(Stored entries)

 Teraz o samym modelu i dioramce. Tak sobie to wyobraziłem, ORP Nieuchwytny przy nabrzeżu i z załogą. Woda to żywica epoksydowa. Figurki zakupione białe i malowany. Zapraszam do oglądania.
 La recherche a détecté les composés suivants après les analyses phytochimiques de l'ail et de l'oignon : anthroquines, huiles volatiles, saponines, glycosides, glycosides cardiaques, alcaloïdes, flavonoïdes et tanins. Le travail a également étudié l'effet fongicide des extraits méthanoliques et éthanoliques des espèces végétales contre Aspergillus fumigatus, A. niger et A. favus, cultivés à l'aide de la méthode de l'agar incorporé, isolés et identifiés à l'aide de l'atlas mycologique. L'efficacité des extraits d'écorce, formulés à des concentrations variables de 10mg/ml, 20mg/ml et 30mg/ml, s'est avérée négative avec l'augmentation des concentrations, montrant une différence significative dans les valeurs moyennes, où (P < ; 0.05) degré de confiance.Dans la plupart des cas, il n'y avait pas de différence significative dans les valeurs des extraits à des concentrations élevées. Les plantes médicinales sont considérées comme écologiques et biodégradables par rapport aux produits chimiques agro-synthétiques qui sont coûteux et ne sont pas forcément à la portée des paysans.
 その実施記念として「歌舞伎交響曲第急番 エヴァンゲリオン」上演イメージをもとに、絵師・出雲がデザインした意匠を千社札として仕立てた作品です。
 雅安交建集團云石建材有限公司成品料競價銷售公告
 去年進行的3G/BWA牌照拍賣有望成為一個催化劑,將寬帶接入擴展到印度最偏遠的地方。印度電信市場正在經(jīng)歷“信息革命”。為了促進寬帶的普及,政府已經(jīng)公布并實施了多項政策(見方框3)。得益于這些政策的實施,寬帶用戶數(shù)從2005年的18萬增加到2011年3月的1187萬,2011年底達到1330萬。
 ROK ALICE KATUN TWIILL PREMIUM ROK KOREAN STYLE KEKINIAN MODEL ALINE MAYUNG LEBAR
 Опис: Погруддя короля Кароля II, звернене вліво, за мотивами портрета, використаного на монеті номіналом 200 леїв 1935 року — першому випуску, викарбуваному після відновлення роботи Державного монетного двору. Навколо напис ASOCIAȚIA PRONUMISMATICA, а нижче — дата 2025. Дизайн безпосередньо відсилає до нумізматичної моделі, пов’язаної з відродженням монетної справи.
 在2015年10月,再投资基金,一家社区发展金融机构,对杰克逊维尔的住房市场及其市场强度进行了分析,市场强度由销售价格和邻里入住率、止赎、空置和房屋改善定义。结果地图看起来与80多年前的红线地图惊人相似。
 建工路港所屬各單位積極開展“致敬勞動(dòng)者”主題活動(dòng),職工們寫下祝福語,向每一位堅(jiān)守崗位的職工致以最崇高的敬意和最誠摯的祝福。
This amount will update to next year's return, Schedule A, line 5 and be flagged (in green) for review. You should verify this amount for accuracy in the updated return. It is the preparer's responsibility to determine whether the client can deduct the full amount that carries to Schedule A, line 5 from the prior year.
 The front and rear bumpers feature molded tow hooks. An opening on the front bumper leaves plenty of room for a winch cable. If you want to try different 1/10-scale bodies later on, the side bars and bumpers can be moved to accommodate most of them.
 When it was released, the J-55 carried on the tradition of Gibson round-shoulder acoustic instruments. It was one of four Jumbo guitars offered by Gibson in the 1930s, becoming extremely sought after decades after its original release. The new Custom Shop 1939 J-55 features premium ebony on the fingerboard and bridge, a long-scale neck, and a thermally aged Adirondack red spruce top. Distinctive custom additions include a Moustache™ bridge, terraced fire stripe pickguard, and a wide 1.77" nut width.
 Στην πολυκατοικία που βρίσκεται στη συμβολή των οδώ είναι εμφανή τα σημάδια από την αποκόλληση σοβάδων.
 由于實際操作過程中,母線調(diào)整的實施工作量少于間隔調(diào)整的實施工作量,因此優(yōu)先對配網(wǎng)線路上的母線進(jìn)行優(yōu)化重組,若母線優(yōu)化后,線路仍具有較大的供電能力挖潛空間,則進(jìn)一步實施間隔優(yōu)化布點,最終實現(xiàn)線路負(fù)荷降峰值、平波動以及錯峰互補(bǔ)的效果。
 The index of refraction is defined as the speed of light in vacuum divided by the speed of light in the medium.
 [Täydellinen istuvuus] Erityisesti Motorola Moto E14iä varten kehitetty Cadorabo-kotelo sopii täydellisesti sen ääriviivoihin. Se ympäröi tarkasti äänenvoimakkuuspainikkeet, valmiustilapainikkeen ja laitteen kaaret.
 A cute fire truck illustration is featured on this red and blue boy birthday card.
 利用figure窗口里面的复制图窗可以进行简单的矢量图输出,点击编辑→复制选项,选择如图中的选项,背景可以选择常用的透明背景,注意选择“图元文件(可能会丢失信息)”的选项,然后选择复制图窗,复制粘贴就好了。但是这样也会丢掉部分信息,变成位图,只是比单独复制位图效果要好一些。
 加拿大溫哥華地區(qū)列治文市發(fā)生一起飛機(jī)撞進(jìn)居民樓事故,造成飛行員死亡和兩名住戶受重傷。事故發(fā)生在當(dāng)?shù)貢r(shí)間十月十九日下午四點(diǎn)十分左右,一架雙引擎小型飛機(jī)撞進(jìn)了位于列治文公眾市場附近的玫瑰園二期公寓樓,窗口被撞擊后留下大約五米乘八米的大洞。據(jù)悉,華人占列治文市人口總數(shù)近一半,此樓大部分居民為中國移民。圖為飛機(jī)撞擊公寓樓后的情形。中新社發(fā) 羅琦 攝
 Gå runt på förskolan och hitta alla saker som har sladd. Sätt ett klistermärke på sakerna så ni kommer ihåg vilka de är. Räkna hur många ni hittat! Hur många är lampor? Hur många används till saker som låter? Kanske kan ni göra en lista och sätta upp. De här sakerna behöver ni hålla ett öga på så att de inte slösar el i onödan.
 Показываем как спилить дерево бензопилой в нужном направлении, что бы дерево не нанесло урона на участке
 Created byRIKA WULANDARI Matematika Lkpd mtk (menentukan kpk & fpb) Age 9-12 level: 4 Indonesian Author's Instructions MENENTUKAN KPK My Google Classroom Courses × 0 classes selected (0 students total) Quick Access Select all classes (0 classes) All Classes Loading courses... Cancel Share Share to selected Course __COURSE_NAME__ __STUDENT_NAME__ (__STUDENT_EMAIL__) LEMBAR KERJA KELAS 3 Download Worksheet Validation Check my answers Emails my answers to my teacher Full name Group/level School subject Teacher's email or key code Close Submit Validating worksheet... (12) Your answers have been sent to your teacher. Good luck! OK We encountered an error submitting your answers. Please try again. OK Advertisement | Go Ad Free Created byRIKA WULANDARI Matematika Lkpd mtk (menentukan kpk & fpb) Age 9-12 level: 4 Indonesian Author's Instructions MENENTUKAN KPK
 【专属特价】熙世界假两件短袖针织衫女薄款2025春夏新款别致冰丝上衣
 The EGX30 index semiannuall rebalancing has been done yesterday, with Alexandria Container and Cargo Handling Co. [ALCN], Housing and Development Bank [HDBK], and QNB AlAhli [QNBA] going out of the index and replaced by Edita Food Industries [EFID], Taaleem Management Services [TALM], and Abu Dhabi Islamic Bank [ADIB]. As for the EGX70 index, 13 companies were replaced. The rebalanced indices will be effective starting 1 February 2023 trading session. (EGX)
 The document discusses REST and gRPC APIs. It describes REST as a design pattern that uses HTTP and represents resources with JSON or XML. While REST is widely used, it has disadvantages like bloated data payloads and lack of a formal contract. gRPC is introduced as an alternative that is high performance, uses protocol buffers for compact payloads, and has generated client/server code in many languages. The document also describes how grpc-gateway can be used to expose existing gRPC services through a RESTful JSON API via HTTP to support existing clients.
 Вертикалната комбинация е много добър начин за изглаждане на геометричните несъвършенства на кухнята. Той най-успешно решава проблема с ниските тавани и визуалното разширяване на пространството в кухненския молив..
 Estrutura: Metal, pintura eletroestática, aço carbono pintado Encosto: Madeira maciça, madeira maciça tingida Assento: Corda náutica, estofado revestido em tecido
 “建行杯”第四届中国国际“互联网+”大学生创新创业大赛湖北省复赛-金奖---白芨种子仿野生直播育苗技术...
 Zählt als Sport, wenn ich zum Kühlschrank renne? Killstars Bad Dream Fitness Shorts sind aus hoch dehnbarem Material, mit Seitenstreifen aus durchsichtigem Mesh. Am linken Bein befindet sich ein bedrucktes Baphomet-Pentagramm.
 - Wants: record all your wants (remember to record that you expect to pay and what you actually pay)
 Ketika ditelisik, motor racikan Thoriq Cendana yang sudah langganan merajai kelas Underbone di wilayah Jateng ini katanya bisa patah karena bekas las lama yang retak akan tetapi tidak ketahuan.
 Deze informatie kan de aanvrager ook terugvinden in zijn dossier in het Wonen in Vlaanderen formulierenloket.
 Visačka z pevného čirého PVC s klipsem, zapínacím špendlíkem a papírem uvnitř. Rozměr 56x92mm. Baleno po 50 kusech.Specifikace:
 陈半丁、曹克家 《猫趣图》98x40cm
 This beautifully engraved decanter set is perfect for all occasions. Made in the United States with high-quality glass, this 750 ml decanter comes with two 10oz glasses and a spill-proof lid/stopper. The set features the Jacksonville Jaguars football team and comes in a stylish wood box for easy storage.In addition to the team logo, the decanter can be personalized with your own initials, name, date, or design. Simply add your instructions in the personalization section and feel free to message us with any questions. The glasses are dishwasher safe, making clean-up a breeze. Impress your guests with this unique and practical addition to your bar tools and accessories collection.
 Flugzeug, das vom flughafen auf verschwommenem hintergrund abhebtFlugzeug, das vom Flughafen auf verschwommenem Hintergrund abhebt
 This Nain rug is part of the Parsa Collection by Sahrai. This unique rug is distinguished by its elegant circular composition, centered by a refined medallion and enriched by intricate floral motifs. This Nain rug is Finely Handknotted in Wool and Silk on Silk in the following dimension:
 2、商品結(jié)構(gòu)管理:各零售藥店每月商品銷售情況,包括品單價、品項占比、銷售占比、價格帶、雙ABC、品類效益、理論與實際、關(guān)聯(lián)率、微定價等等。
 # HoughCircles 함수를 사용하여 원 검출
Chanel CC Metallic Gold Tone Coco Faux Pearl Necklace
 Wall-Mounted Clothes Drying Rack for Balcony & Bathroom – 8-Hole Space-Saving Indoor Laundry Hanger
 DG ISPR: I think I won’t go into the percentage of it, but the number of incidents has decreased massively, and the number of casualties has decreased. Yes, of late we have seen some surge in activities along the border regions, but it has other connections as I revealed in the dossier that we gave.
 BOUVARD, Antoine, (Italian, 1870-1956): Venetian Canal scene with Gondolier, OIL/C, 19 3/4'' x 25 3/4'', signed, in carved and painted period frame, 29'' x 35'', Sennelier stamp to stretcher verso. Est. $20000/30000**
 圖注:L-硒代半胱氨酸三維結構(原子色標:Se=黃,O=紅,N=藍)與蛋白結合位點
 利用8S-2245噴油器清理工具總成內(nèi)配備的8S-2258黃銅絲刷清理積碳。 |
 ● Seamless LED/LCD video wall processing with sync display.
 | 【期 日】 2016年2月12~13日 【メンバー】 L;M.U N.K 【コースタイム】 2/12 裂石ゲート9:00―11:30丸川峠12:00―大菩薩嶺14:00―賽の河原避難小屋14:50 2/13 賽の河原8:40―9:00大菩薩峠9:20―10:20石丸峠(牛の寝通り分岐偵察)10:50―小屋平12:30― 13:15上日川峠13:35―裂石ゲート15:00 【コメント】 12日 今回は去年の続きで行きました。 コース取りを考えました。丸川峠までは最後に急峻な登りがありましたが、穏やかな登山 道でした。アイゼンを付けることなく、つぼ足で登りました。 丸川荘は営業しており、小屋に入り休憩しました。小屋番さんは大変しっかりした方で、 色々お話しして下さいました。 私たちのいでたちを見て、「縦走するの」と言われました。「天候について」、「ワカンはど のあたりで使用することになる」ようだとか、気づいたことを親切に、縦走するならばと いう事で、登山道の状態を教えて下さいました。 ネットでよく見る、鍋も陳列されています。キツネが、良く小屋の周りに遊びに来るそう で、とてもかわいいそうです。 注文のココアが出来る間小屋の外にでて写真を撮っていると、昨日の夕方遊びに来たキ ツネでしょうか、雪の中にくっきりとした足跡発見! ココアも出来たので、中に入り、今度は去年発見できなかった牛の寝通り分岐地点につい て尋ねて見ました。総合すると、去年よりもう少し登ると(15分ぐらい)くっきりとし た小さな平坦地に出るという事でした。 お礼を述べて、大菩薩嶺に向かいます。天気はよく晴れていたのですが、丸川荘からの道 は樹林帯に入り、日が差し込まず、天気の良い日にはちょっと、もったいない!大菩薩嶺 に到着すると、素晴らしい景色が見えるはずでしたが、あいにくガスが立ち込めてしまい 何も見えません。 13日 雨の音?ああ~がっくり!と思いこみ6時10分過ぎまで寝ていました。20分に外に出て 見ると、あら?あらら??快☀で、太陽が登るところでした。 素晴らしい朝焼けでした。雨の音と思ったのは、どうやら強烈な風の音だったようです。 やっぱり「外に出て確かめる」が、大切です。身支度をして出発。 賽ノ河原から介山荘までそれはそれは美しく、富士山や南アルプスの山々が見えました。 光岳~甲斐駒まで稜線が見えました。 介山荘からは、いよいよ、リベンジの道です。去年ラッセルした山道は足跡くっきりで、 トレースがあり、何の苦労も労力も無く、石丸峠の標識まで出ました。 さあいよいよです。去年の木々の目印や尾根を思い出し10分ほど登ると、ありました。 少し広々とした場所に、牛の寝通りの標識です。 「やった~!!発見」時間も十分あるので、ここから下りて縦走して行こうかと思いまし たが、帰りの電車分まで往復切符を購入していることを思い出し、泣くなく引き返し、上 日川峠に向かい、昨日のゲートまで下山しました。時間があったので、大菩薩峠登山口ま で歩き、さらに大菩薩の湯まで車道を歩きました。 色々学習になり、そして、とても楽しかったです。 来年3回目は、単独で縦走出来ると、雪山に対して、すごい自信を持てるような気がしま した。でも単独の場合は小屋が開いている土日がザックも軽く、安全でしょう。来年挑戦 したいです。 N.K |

What is being asked:
The answer is the lines above between the line holding "hintergrund abhebtFlugzeug, das" and the line holding "with sync display.", inclusive, each written out exactly, and no others.

Task result:
 Flugzeug, das vom flughafen auf verschwommenem hintergrund abhebtFlugzeug, das vom Flughafen auf verschwommenem Hintergrund abhebt
 This Nain rug is part of the Parsa Collection by Sahrai. This unique rug is distinguished by its elegant circular composition, centered by a refined medallion and enriched by intricate floral motifs. This Nain rug is Finely Handknotted in Wool and Silk on Silk in the following dimension:
 2、商品結(jié)構(gòu)管理:各零售藥店每月商品銷售情況,包括品單價、品項占比、銷售占比、價格帶、雙ABC、品類效益、理論與實際、關(guān)聯(lián)率、微定價等等。
 # HoughCircles 함수를 사용하여 원 검출
Chanel CC Metallic Gold Tone Coco Faux Pearl Necklace
 Wall-Mounted Clothes Drying Rack for Balcony & Bathroom – 8-Hole Space-Saving Indoor Laundry Hanger
 DG ISPR: I think I won’t go into the percentage of it, but the number of incidents has decreased massively, and the number of casualties has decreased. Yes, of late we have seen some surge in activities along the border regions, but it has other connections as I revealed in the dossier that we gave.
 BOUVARD, Antoine, (Italian, 1870-1956): Venetian Canal scene with Gondolier, OIL/C, 19 3/4'' x 25 3/4'', signed, in carved and painted period frame, 29'' x 35'', Sennelier stamp to stretcher verso. Est. $20000/30000**
 圖注:L-硒代半胱氨酸三維結構(原子色標:Se=黃,O=紅,N=藍)與蛋白結合位點
 利用8S-2245噴油器清理工具總成內(nèi)配備的8S-2258黃銅絲刷清理積碳。 |
 ● Seamless LED/LCD video wall processing with sync display.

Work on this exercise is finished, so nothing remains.